===== Record extracts

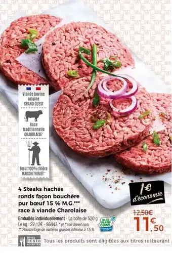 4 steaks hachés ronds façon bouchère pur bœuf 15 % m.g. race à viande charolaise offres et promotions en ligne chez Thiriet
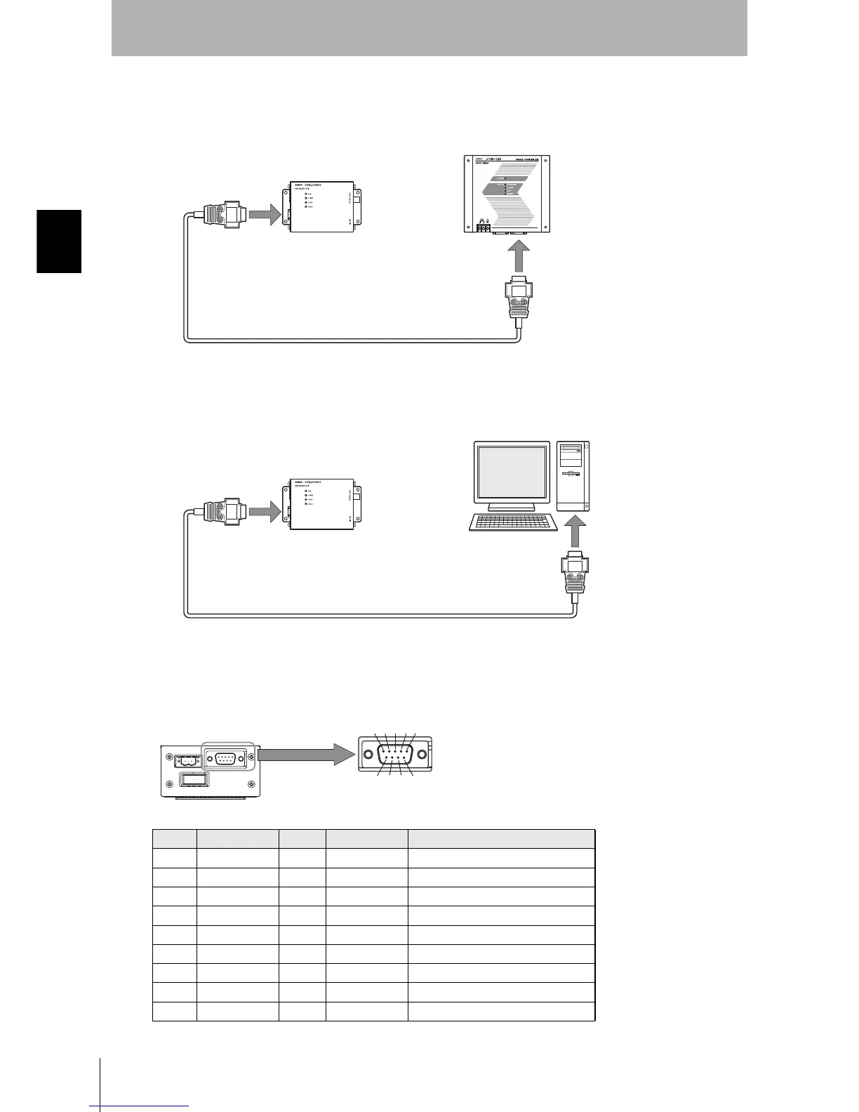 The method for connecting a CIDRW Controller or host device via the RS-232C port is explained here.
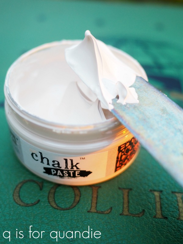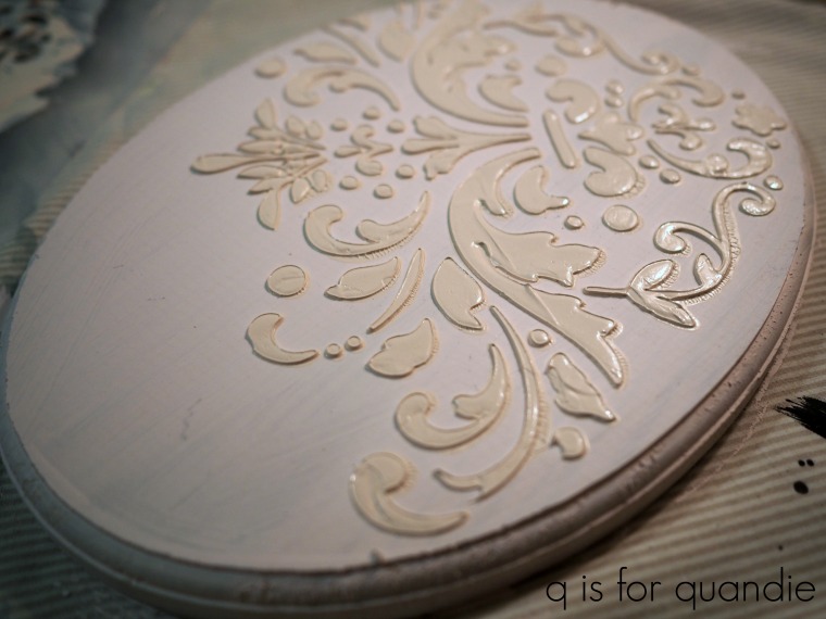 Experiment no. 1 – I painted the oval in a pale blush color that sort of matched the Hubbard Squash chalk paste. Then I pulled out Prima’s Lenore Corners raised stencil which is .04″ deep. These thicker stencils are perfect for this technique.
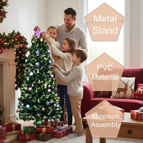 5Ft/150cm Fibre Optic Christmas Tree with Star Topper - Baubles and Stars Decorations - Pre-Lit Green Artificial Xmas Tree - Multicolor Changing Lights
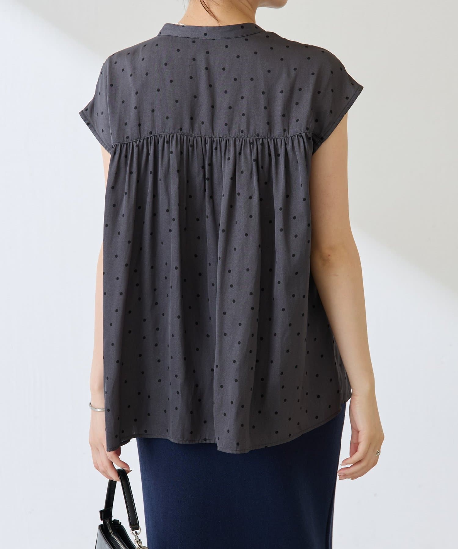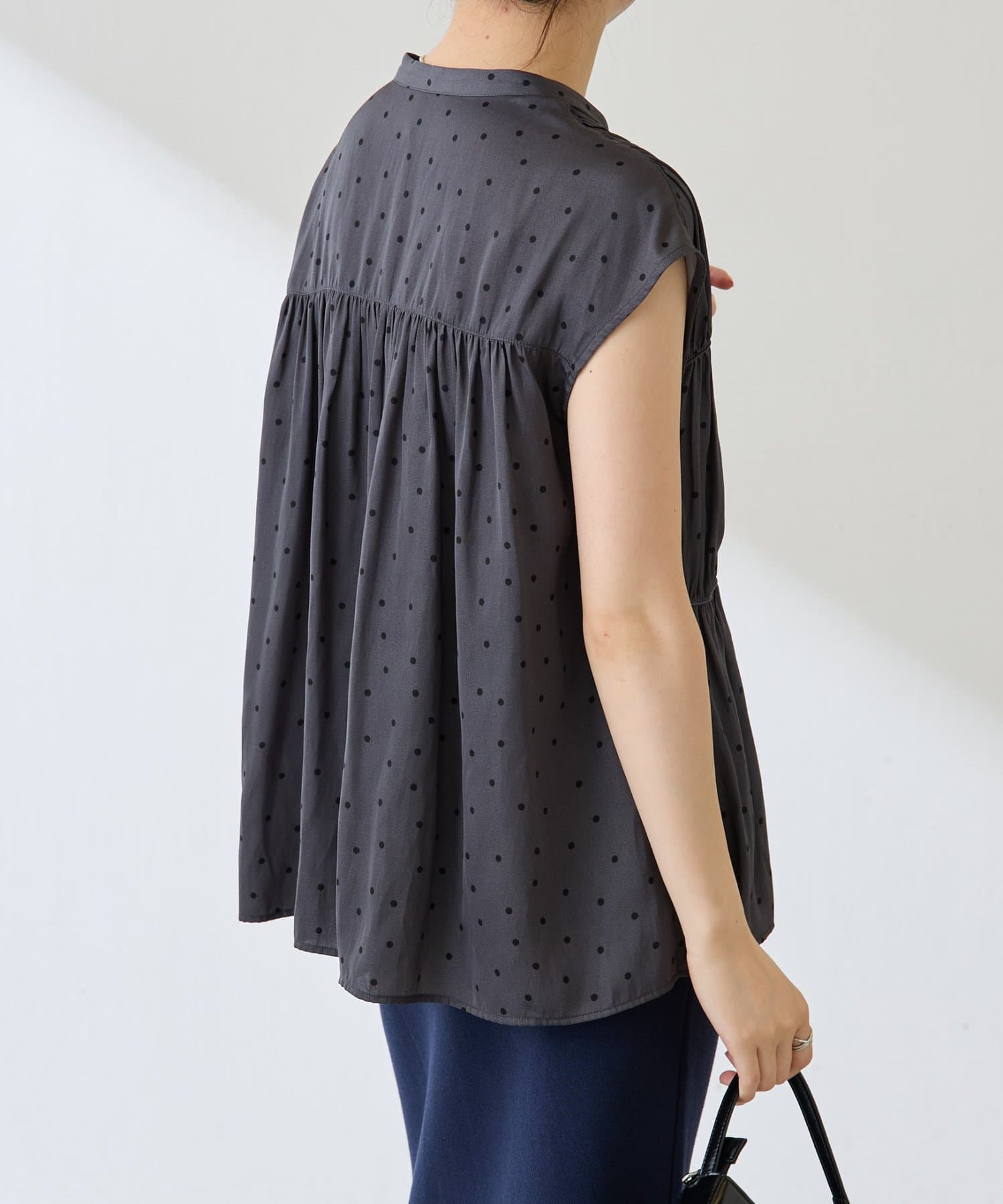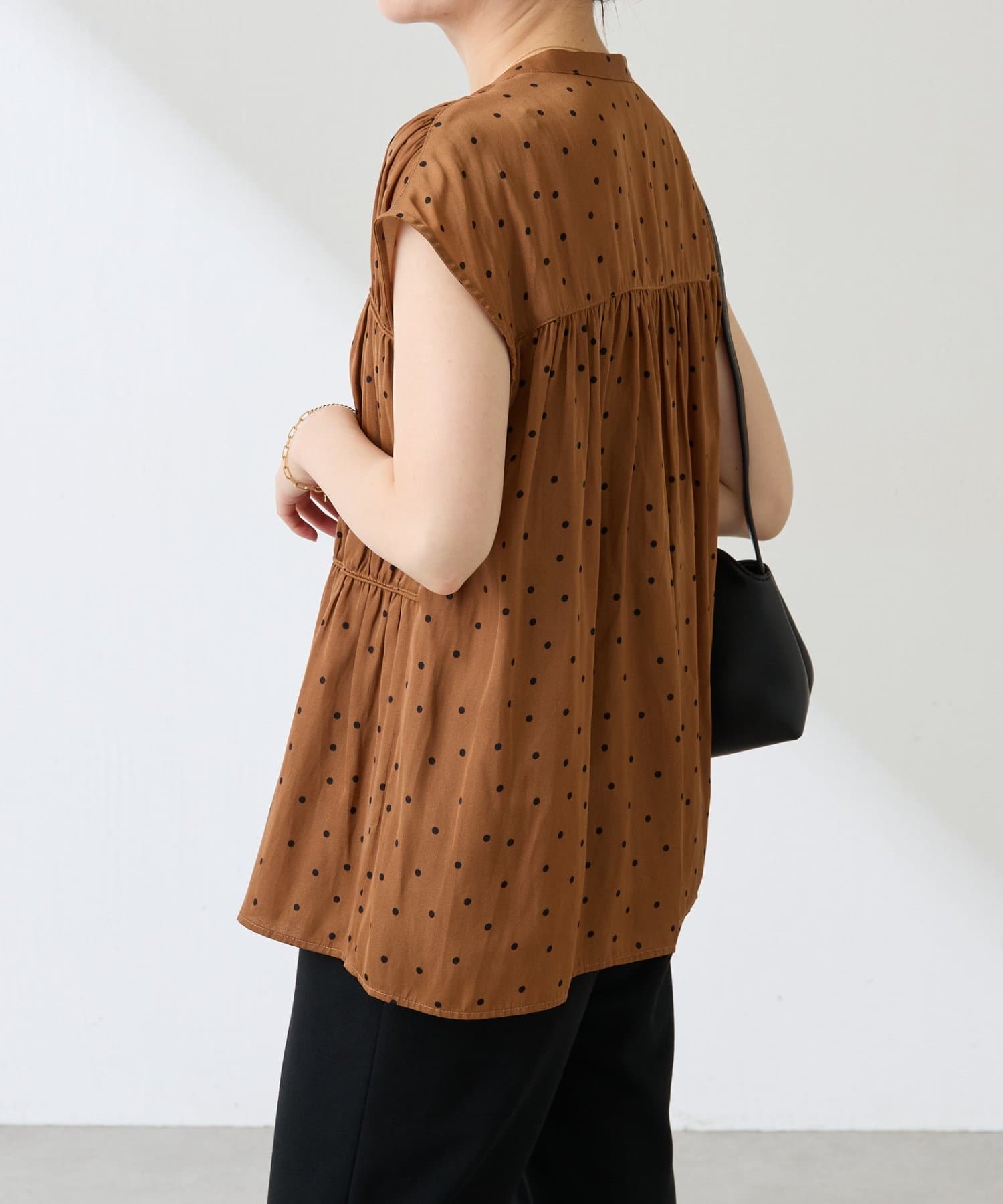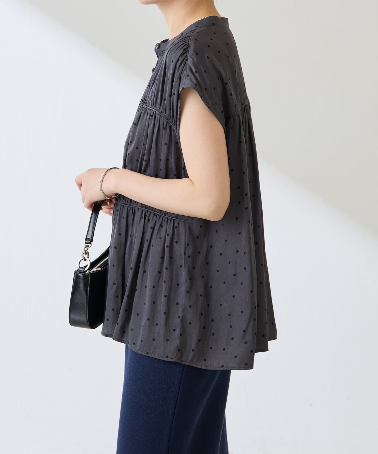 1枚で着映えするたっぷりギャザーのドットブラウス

==========

Assigned task:
From the line with "Experiment no. 1" up to and including the line with "5Ft/150cm Fibre Optic" above, retype every line exactly and nothing more; leave out the pictures.

Result of the task:
 Experiment no. 1 – I painted the oval in a pale blush color that sort of matched the Hubbard Squash chalk paste. Then I pulled out Prima’s Lenore Corners raised stencil which is .04″ deep. These thicker stencils are perfect for this technique.
 5Ft/150cm Fibre Optic Christmas Tree with Star Topper - Baubles and Stars Decorations - Pre-Lit Green Artificial Xmas Tree - Multicolor Changing Lights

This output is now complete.